There have always been selfless professions holding back chaos at Christmas time, but 21st century man has steadily enlarged the realm of "essential services" to include supplying lottery tickets, Slim Jims and Marlboros. ("Wheezin' is the reason for the season.")
Does it really help your bottom line or image to force workers to toil during the holidays? Was there really "no room at the inn," or did a disgruntled Bethlehem Motel 6 clerk just take out his frustrations on Mary and Joseph? ("If they make me miss the Hawaii Bowl, this will be one manger without a continental breakfast. Oy, if I knew someone who could turn water into wine, I'd sure have a merry holiday.")
Okay, some workers are forced to work by their bank account, grudgingly volunteering to take the extra hours for overtime pay. They learn to replace old traditions with new traditions. ("After momma works her double shift cleaning toilets, you can unwrap your new microscope and look for momma's Christmas bonus.")
Of course a few employees are a little too eager to volunteer to work. Don't you worry about leaving the mysterious loner guy in charge of technical support when people call with complaints about the electric gadgets they've just received? ("In order to test your new DVR, you'll need to release static electricity by leaving your back door unlocked. And your cutlery drawer needs to be clearly marked...")
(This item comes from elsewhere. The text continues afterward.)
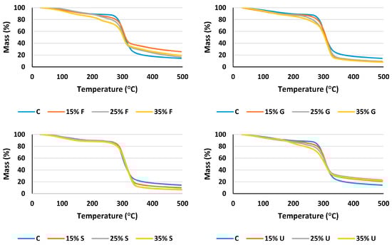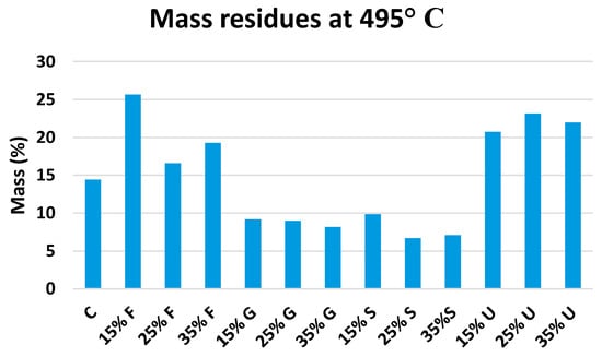 The derivative thermogravimetric (DTG) curves show three distinctive phases of the degradation process. The initial mass loss was produced by a thermal drop below 125 °C, which was mostly due to the elimination of moisture and water fragments via evaporation [55,56]. The second phase began with further heating at temperatures ranging from 150 °C to 250 °C. This mass loss can be attributed to the volatilization of plasticizer molecules in the presence of water [57]. Sorbitol and glycerol did not show a separate phase for their volatilization; this refers to their low volatilization temperature [58], which makes them volatile after losing water content. At temperatures above 270 °C, the last step of film degradation’s mass loss was revealed. Weight loss was connected to the depolymerization and breakdown of carbon chains in the starch structure during this time. The onset of the thermal reactions of starches is widely known to occur at around 300 °C. [34]. According to the data in Figure 8, all films decompose at temperatures ranging from 298.6 °C to 312.4 °C; the lowest degradation temperature was recorded for the control film (298.6 °C), and the highest temperature recorded for 15% glycerol (312.4 °C). These findings show that adding plasticizers to wheat starch-based films did not significantly alter their thermal stability. From Figure 9, it is obvious that fructose and urea films have the highest mass residues at 495 °C. The addition of 15% fructose resulted in the highest mass residues at 495 °C (25.66%), while 25% sorbitol had the lowest (6.7%).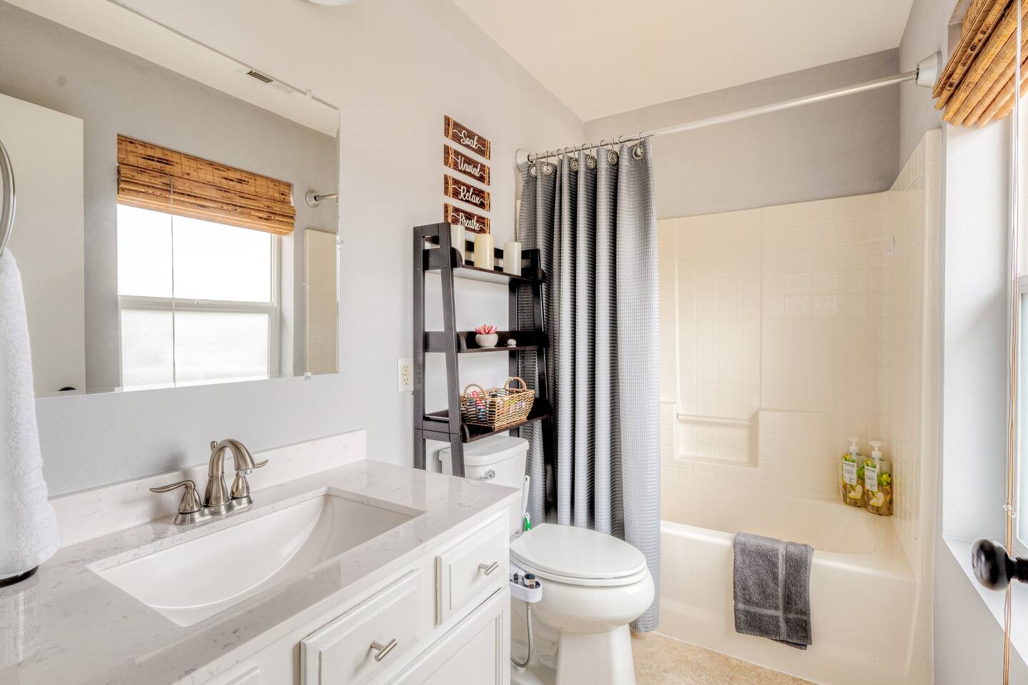 ⭑Master Bedroom:⭑ ✔ Step into your spacious master bedroom, a serene retreat with elegant French doors leading to a private deck/balcony. Wake up to sunlight streaming in or step outside for a breath of fresh air with your morning coffee. At night, unwind and stargaze while enjoying the peaceful ambiance of this outdoor haven. ✔ The room features ample storage with a large closet and dresser, along with soft, breathable bed linens and room-darkening shades for the perfect night’s sleep. ⭑Second Bedroom:⭑ ✔ The second bedroom offers a cozy, inviting space for guests or family members. Its carefully selected decor creates a peaceful atmosphere, perfect for rest and relaxation after a day of exploring the area. ✔ You'll find extra pillows, plush blankets, and premium cotton linens, ensuring everyone feels right at home. The bedroom also includes hangers and storage space, so you can unpack and settle in comfortably. ⭑Living Room:⭑ ✔ The open-concept living room seamlessly connects to the kitchen and dining area, creating a welcoming space for socializing or simply relaxing. Sink into the comfortable seating and enjoy movie nights or your favorite shows on the 55-inch TV, which comes equipped with Netflix, Amazon Prime Video, HBO Max, and standard cable. ⭑Kitchen and Dining Area:⭑ ✔ The modern kitchen boasts new tile flooring and all the essentials for home cooking, including a stainless steel oven, electric stove, refrigerator, and Keurig coffee maker. Whether you're preparing a family feast or a simple breakfast, the well-stocked kitchen—with pots, pans, spices, and cooking basics—has everything you need. ✔ Gather around the dining table for meals or step outside to the deck, where you can dine al fresco and take in the fresh air. It’s the perfect spot for a leisurely breakfast or evening wine. ⭑Bathrooms:⭑ ✔ The master and guest bathrooms offer a relaxing retreat, with a bidet, bathtub, and a selection of complimentary toiletries such as shampoo, conditioner, shower gel, and body soap. After a long day, soak in the tub or freshen up in the spacious shower with hot water and soft towels at your disposal. ✔ A convenient half-bath on the main floor makes it easy for guests to freshen up without having to go upstairs. ⭑Outdoor Space:⭑ ✔ Step outside into your private, fully fenced backyard—a tranquil space perfect for both relaxing and entertaining. The large Trex-like deck is ideal for lounging during the day or enjoying a quiet evening under the stars. The backyard's lush greenery and garden view create a peaceful, refreshing escape from the hustle and bustle. ✔ The yard is easily accessible with two unlocked gates for added convenience, making it an ideal space for outdoor activities or simply unwinding with your favorite book on the patio furniture. ⭑Additional Amenities:⭑ ✔ To make your stay as comfortable as possible, we’ve provided a variety of thoughtful extras: a washer and dryer in the unit for laundry needs, baby safety gates for family-friendly stays, and a Keurig coffee maker to kickstart your mornings. ✔ You’ll also find useful kitchen gadgets such as a rice maker, blender, toaster, and wine glasses, along with complimentary coffee and basic cooking ingredients to enhance your stay. ⭑Safety and Security:⭑ ✔ Your peace of mind is important to us. Our home is equipped with a smoke alarm, carbon monoxide detector, fire extinguisher, and a fully stocked first aid kit for your safety and comfort. ⭑Entertainment and Connectivity:⭑ ✔ Stay connected with high-speed wifi (198 Mbps), perfect for streaming 4K videos, joining video calls, or browsing the web across multiple devices. ✔ For those working remotely, a dedicated workspace is available in a common area, offering the focus and connectivity you need during your stay. ⭑Heating and Cooling:⭑ ✔ Stay cool in the summer with our efficient AC split-type ductless system, and cozy in the winter with central heating to ensure your comfort no matter the season. ⭑Parking and Facilities:⭑ ✔ Enjoy the convenience of free parking on the premises and easy street parking. ⭑Services:⭑ ✔ We offer self check-in through a Smart Lock system, providing a smooth and private entry experience. Whether you’re planning a weekend getaway or an extended stay, we welcome long-term guests with stays of 28 days or more. Your stay at Hoffman Hill Flat promises luxurious comfort, unmatched convenience, and a memorable experience. Book now and elevate your DuPont adventure in style! ⭑Conclusion⭑ We look forward to hosting you in our beautifully updated and well-maintained home! Whether you're here for a quick getaway or an extended stay, [Property Name] offers everything you need for an unforgettable experience. Secure your dates now and start planning your next adventure today!

Let's not forget the folks who volunteer to work so they'll have a good excuse to miss the pre-programmed comments they always get at family gatherings. You know, comments like "Everyone in my bridge club keeps wondering when you'll find a nice girl and settle down -- when I bring the subject up," " Put on a few pounds since last Christmas haven't you?," "Sorry about the congealed salad, bro', but my private jet hit some...," "Johnny, tell Uncle Steve thank you for the box your Wii came in," and "Picking up from our conversation of last December, cuz, I want you to see the 3,000 pages of decoded documents proving that the Island of Misfit Toys actually exists and the military is using it to..."
If you're working the holidays this year, chin up. Long before you, someone was muttering, "Dirty razzinfrazzin. I'll bet they steal the shampoo and swaddling clothes."
Merry Christmas from the Tyree family.